Mr. Lincoln does not belong, however, in the rose-pink sentimental school. His books have a clear sincerity. He knows his characters through and through. He is master of the history of Cape Cod from Buzzard’s Bay to Highland Light. He commands a lucid style. His humor shines from every page. His understanding of eccentricities of character, of the affectionate illogic of his women and the obstinacy of his men, might rank him with far more pretentious artists. Meanwhile, he is loved by many a simple soul. The writer of this review knows a group of a hundred women who gather weekly in the winter, for a ‘Mothers’ Meeting.’ The yearly novel by Mr. Lincoln is read aloud to them while they sew. and though they know neither Meredith nor Galsworthy. nor Rudyard Kipling, they could pass an examination on Cap’n Eri, The Portygee, Sharings, and Extricating Obadiah.
Galusha the magnificent is an absent-minded, shy, unattached devotee of archæology, teamed in the lore of Egypt, but entirely ignorant of the problems of practical life. A whimsical fate lands him, exhausted and fainting, in the hospitable sitting-room of Miss Martha Phipps, capable and lovable old maid of East Wellmouth.
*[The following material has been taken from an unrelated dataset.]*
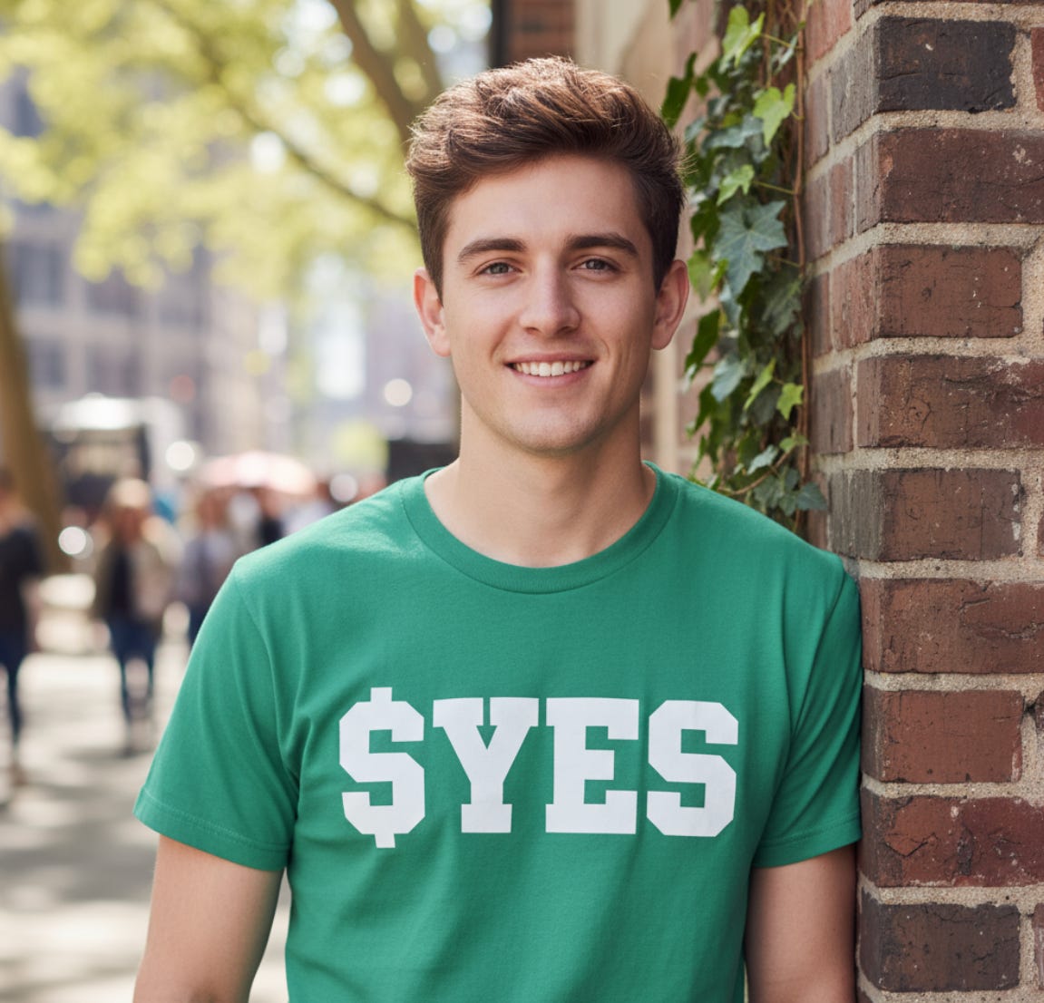 “por que esse cara tá usando uma camisa com $YES?”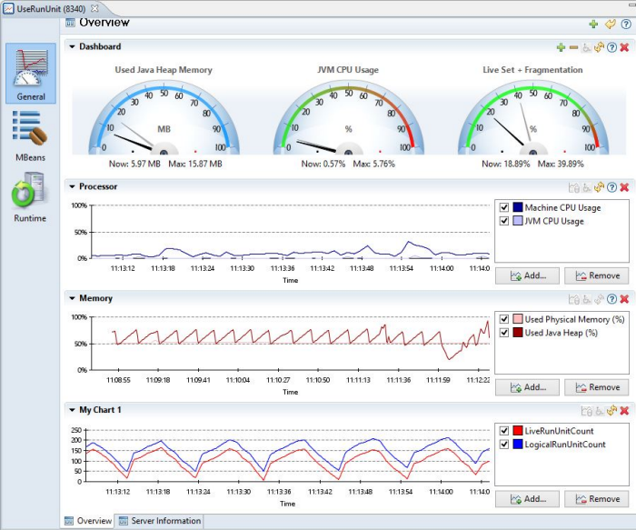 An MBean provides the following two attributes that enable a visual indication of how many RunUnits are live:

The kindly accident thrusts upon him various amazing responsibilities for the affairs of ‘the neighbors.’ Two lovers sternly separated by a father half-crazed over spiritualism; a rascally usurer who has the whole village in his clutches; the maid-of-all-work, Primrose. — ‘some Indian, the rest white, with a little Portygee strung along in somewhere,’—whose warm heart and clumsy hand make troubles for her; and even Miss Martha herself, are, first and last, debtors to the generous good sense of the queer little Egyptologist. Finally, Galusha and Miss Martha themselves develop into a pair of delightful, middle-aged lovers. The scene shifts from East Wellmouth to Shepheard’s Hotel, Cairo, whence they explore Egypt, and incidentally the depths of their own natures, to their mutual satisfaction, and finally, no doubt, to the good of the world.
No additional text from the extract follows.